With Locker sidelined indefinitely, redshirt freshman Ronnie Fouch takes over as the team’s starting quarter.
A graduate of Redlands (Calif.) East Valley High, Fouch has been at UW since the spring quarter of 2007, and has taken part in two spring practices.
And while he has never played in a game, Willingham and Locker each said they think Fouch can do the job well, if needed.
“Ronnie did a great job yesterday coming in and running the offense, so I don’t think we’ll miss anything,” Locker said. “Those guys respect him and he’s got control of the huddle and he’ll do a good job. He’ll keep the offense on track. And I’m able to take mental reps when I’m out there, seeing the same things he is. I’m just not able to make the throws. So if anything, it will be good for me to be able to get out there and really watch the game and study it. I’ll still be learning while I’m out there.”
Fouch, listed at 6-1, 203, is known for his accurate passing and being able to run, though not as well as Locker, who last year set the Pac-10 record for rushing yards by a QB with 986.
And while Willingham praised the ability of Fouch, he acknowledged that Locker’s status as the leader of the team could be something hard to replace long-term.
“Obviously the leadership role is so much different from that position, so that casts a gigantic shadow on your football team when you lose that position,” Willingham said. “But at the same time, it’s what you kind of prepare for all the time. Your team has to have the same mentality as whether it’s a starting tackle, a right guard. The next guy has to step in and be ready to step up and lead the charge.”
An even bigger issue is the backup behind Fouch.
UW has just three scholarship QBs: Locker, Fouch, and incoming freshman Luther Leonard of Evergreen High in Seattle. The Huskies signed another last year, Dominique Blackman of Carson, Calif. But he is academically ineligible and won’t enroll until January.
Willingham said Leonard is battling with walk-on redshirt freshman Taylor Bean for the spot behind Fouch.
“The third position [behind Fouch] we’ll see,” Willingham said.
Losing Locker for any period of time would be a big blow to a Husky team seeking its first winning season since 2002. Locker is perceived as the one sure-thing on an offense that is young and unproven at most of the other skill positions.
The Oregon game starts a brutal stretch for the Huskies, who then host BYU and Oklahoma in a schedule some call the toughest in the nation.

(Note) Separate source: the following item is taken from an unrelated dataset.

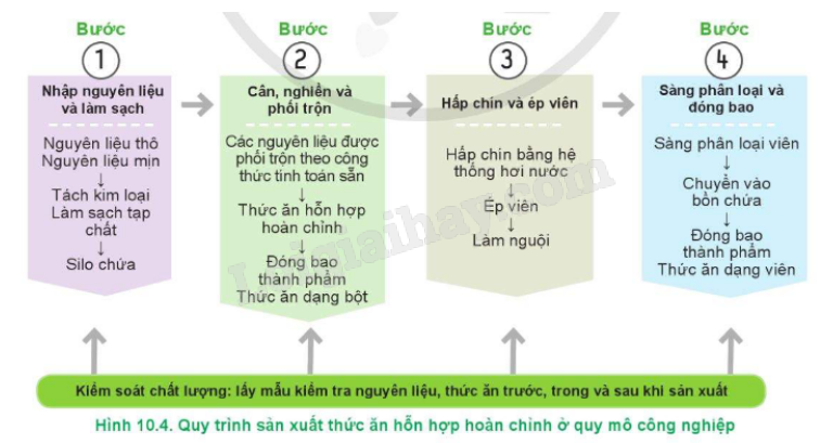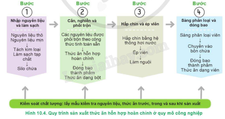 Quan sát Hình 10.4, ta thấy quy trình sản xuất thức ăn hỗn hợp gồm có 4 bước:
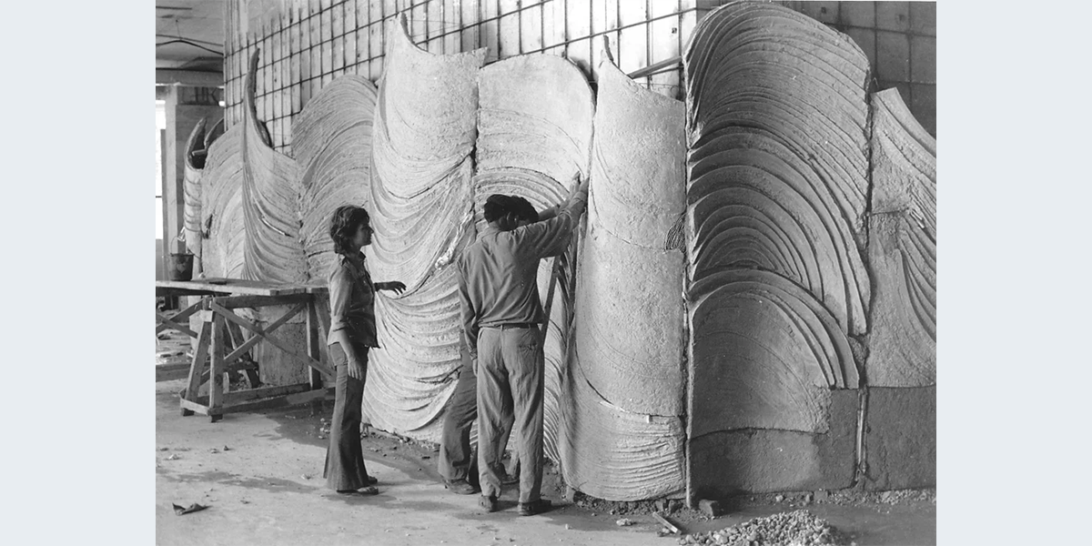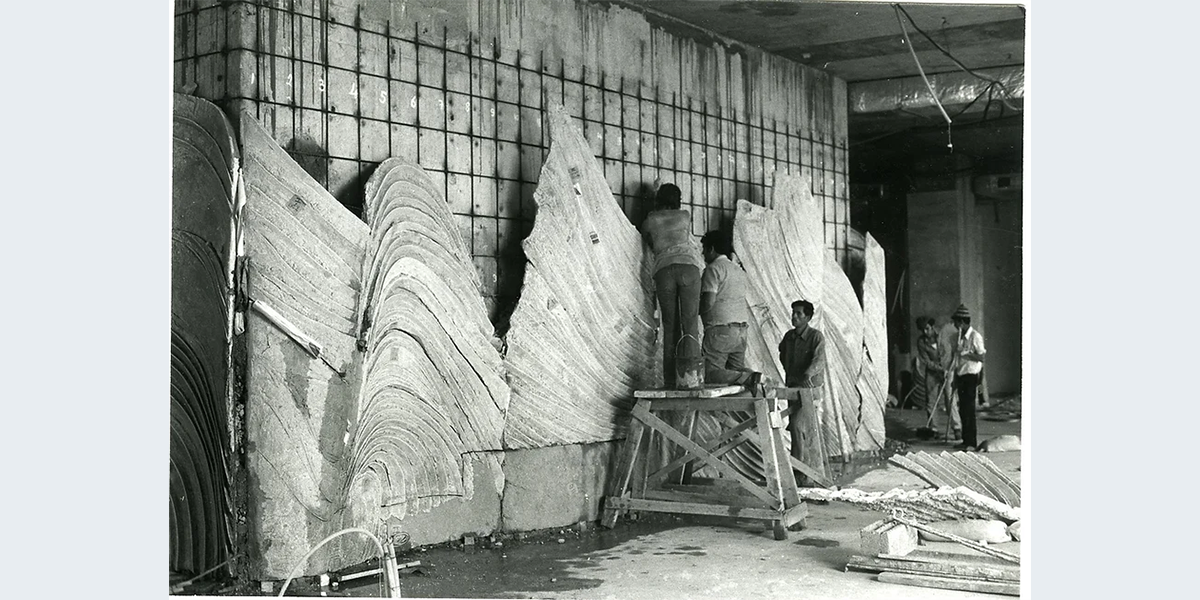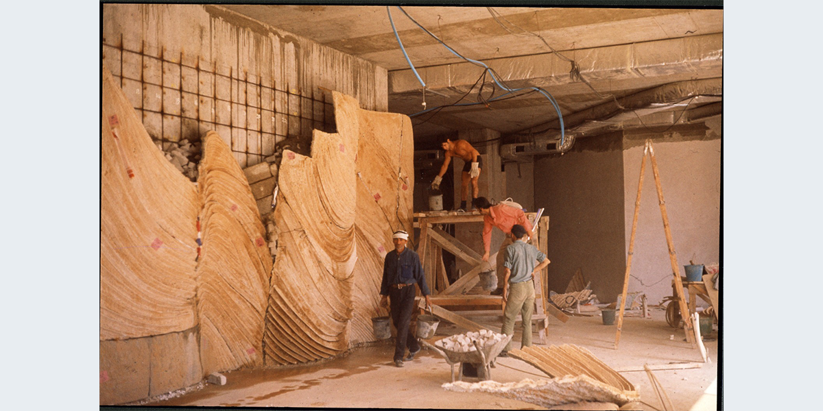 האדריכל יעקב רכטר ביקש לעטוף את פיר המעלית בסניף בנק לאומי, בקומת הקרקע במגדל העיר בירושלים בקיר קרמיקה.

That’s a stretch that figures to go a long way toward determining the course of the season, which in turn will determine the future of Willingham, who is 11-25 in three years at UW and has just two years left on his contract.
Locker’s injury continues a recent string of bad news for the Huskies.
Starting center Juan Garcia suffered a Lisfranc injury in the spring and his status for the season remains uncertain. The leading tackler from a year ago, linebacker E.J. Savannah, is not on the roster due to academic issues and it is uncertain if he will be back this season.